# MEC 2034HT Scissor Lift Issue



## Roadking5959 (Oct 21, 2019)

Hello, 
I am working on a MEC 2034HT (1990) lift & have all of the issues repaired, except the unit won't un-lock the brakes with the platform completely down. If I lift it high enough to release the "platform-down" switch, it will release the brakes & drive. Any ideas?
Thanks!


----------



## readydave8 (Sep 20, 2009)

Roadking5959 said:


> Hello,
> I am working on a MEC 2034HT (1990) lift & have all of the issues repaired, except the unit won't un-lock the brakes with the platform completely down. If I lift it high enough to release the "platform-down" switch, it will release the brakes & drive.
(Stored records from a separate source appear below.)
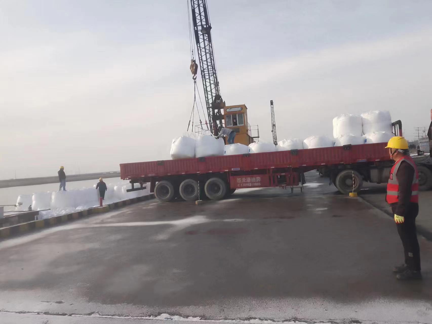 一個(gè)個(gè)白色的大包被吊裝到??吭诖a頭的貨船上,裝卸員工在熱火朝天的忙碌著,從卸船、裝車、掛鉤、堆碼,每個(gè)環(huán)節(jié)都細(xì)致入微。在碼頭一號塔吊的作業(yè)現(xiàn)場,土方駁運(yùn)也在施工操作,挖掘機(jī)舞動(dòng)長臂,旋轉(zhuǎn)作業(yè),機(jī)械設(shè)備有序運(yùn)轉(zhuǎn),轟嗚不息,安全員在現(xiàn)場管理,不時(shí)發(fā)出指令作業(yè),做好土方驗(yàn)收的同時(shí),提醒駕駛員在雨雪天氣,注意防滑,安全行駛,為順利完成年度100萬噸吞吐量奠定堅(jiān)實(shí)的基礎(chǔ),同時(shí)夯實(shí)來年碼頭高質(zhì)高效生產(chǎn)。(胡秀同)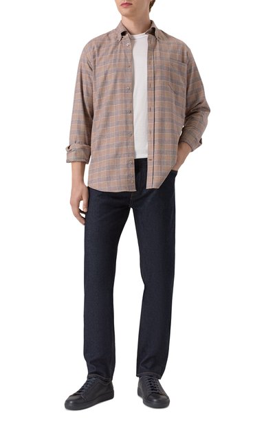 Кеды Cleanic выполнили из матовой кожи, утеплив их овчиной. Модель установили на широкую резиновую подошву с тисненым логотипом. О принадлежности пары марке говорит и стежок фирменного оранжевого оттенка Arancio Santoni.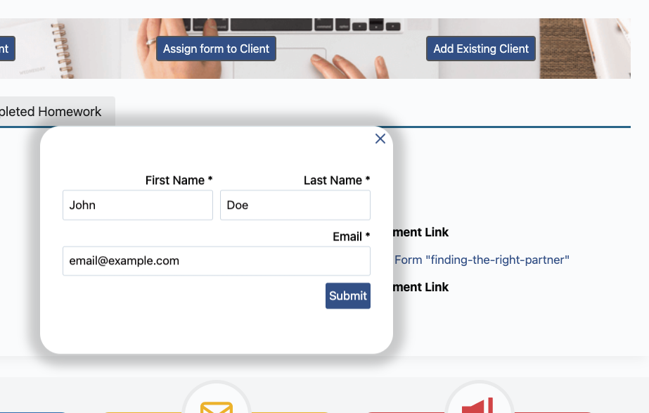 Fill the form out with the name and email of the person that you want to add and they will be added to your client list. The new client will be sent an email that they have been added to the system and to log in and choose their password.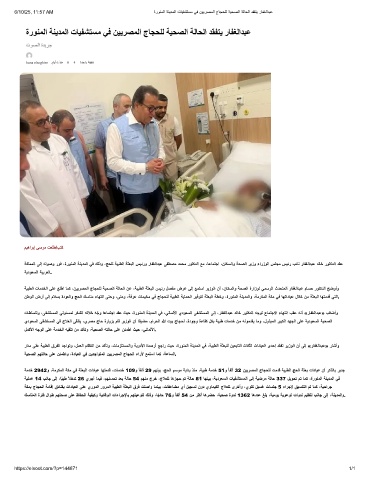 6/10/25, 11:57 AM ةروﻧﻣﻟا ﺔﻧﯾدﻣﻟا تﺎﯾﻔﺷﺗﺳﻣ ﻲﻓ نﯾﯾرﺻﻣﻟا جﺎﺟﺣﻠﻟ ﺔﯾﺣﺻﻟا ﺔﻟﺎﺣﻟا دﻘﻔﺗﯾ رﺎﻔﻐﻟادﺑﻋ

Any ideas?
> Thanks!


"Service" in title of this forum is not related to servicing or repairing lift:wink:


----------



## sbrn33 (Mar 15, 2007)

No way a 1990 lift is getting on any jobsites.


----------



## Wirenuting (Sep 12, 2010)

Ibtl


----------



## jw0445 (Oct 9, 2009)

me too


----------



## joebanana (Dec 21, 2010)

Sounds like a N.O. on a N.C. contact on a limit switch, or relay. Got a schematic?


----------



## Easy (Oct 18, 2017)

I believe you need a "aerial-platform technician's licence" just to work on a lift. Just like elevator service a licence is required. I'm sure most people make their own repairs to lifts but if you do, it will make you liable if someone is injured. I know it's just a Scissor Lift but just be aware.


----------



## wcord (Jan 23, 2011)

Roadking5959 said:


> Hello,
> I am working on a MEC 2034HT (1990) lift & have all of the issues repaired, except the unit won't un-lock the brakes with the platform completely down. If I lift it high enough to release the "platform-down" switch, it will release the brakes & drive. Any ideas?
> Thanks!


https://www.google.com/url?sa=t&rct...ork-platform&usg=AOvVaw24JPoegz0dwMQW6QAEBIeV


----------